Your objective.
Transcribe only the lines in the data below falling between the line with "ZW ZARA WOMAN" and the line with "Material: Premium Quality", including those two lines, and leave out any picture.

Provided records.
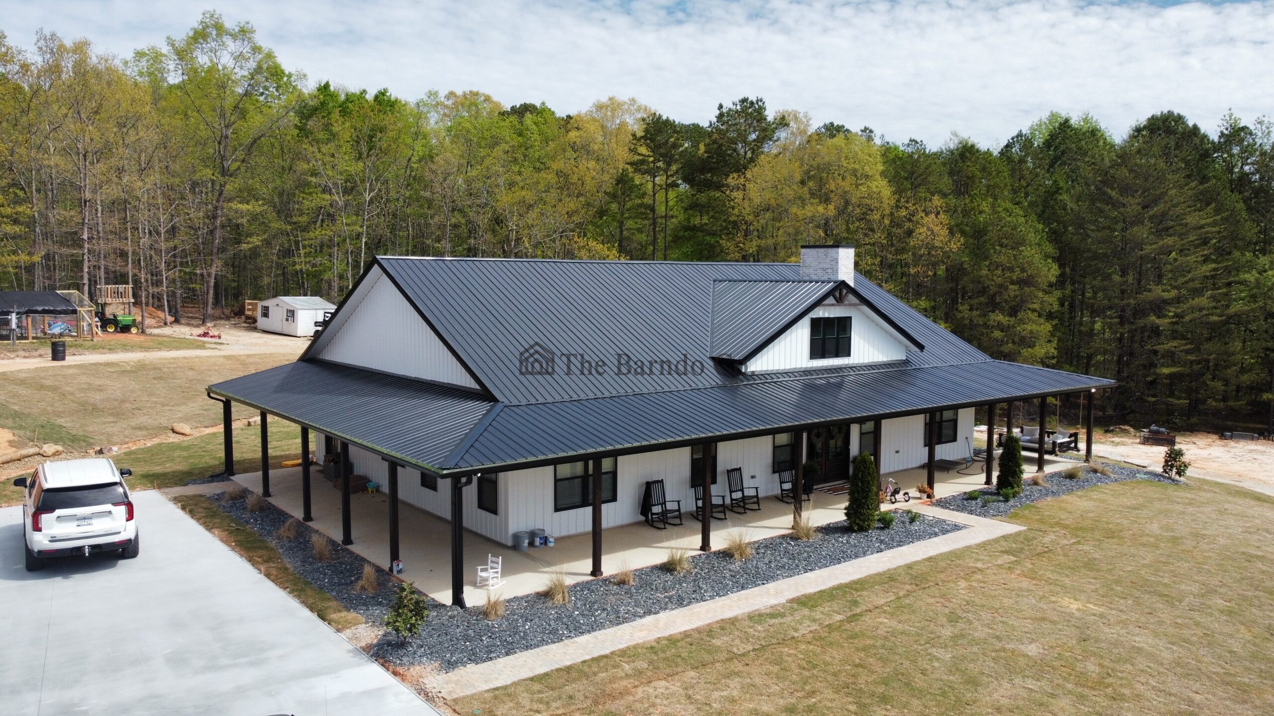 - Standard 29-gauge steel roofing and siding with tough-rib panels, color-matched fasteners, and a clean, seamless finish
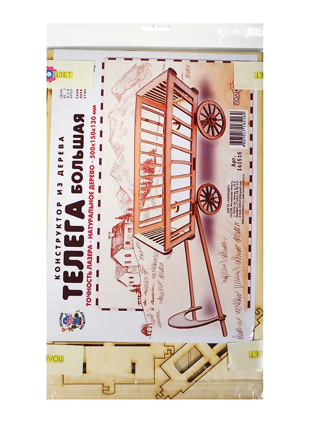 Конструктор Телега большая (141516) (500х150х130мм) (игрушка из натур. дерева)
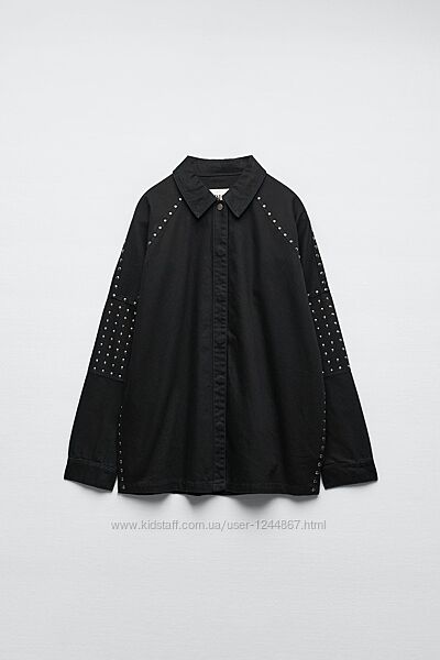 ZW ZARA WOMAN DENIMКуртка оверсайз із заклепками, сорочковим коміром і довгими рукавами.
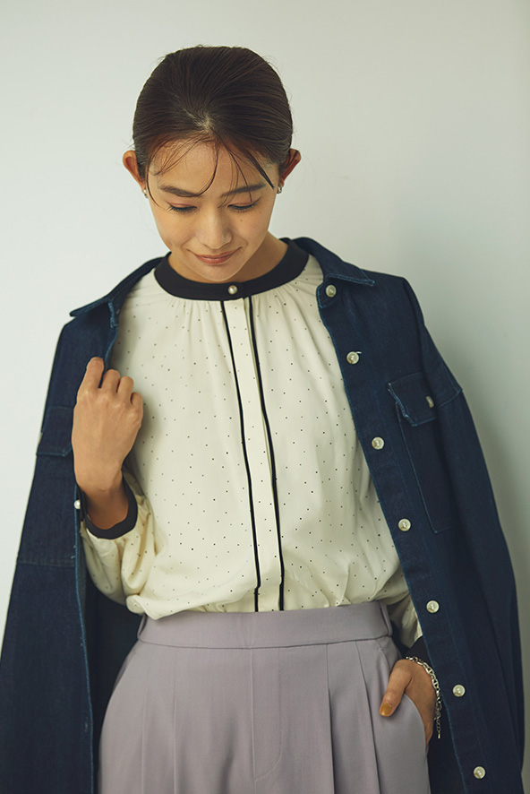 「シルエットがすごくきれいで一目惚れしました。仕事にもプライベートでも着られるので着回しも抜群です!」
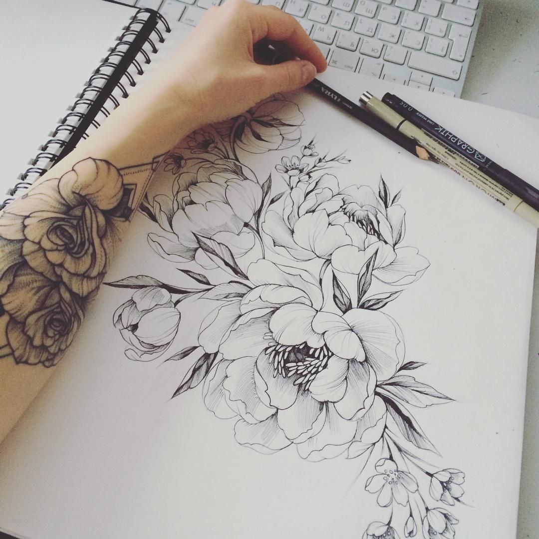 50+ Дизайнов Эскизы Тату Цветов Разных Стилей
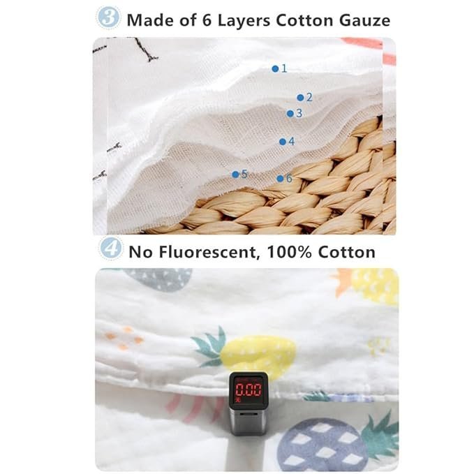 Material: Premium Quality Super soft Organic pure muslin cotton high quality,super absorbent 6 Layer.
==
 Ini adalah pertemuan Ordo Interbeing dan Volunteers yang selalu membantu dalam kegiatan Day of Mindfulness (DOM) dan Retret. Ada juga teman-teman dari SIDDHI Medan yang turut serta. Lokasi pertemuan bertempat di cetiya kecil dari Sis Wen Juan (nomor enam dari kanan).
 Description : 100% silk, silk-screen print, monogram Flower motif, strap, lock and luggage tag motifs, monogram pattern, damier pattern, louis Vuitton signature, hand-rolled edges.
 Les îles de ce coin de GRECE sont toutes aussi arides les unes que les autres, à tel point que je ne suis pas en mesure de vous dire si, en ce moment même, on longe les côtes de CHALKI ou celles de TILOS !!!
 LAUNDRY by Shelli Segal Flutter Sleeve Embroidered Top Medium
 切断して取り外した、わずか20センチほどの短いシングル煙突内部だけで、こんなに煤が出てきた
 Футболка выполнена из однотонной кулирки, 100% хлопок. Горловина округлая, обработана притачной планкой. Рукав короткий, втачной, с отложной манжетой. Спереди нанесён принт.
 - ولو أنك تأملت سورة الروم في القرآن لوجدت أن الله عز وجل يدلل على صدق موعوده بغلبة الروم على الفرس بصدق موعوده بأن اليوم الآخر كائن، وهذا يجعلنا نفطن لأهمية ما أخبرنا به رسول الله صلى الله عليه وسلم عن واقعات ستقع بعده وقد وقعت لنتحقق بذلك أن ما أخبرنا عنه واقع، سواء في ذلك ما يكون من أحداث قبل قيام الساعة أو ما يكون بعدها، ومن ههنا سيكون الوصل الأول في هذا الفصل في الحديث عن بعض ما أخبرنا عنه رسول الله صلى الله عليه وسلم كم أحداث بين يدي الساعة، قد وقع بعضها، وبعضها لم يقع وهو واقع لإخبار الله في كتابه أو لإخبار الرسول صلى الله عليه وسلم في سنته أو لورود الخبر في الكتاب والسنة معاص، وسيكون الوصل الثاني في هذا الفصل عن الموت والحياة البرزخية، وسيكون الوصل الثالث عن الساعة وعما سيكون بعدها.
* * *
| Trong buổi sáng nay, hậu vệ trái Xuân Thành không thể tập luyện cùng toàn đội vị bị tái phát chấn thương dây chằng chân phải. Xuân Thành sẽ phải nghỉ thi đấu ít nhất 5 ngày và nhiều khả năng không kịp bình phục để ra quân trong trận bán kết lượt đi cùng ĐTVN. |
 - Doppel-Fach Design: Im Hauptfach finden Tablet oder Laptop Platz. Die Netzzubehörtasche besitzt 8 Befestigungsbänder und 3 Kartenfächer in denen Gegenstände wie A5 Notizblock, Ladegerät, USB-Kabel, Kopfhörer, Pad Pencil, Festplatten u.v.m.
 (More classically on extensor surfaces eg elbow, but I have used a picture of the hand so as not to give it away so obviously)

Result of this exercise.
 ZW ZARA WOMAN DENIMКуртка оверсайз із заклепками, сорочковим коміром і довгими рукавами.
 「シルエットがすごくきれいで一目惚れしました。仕事にもプライベートでも着られるので着回しも抜群です!」
 50+ Дизайнов Эскизы Тату Цветов Разных Стилей
 Material: Premium Quality Super soft Organic pure muslin cotton high quality,super absorbent 6 Layer.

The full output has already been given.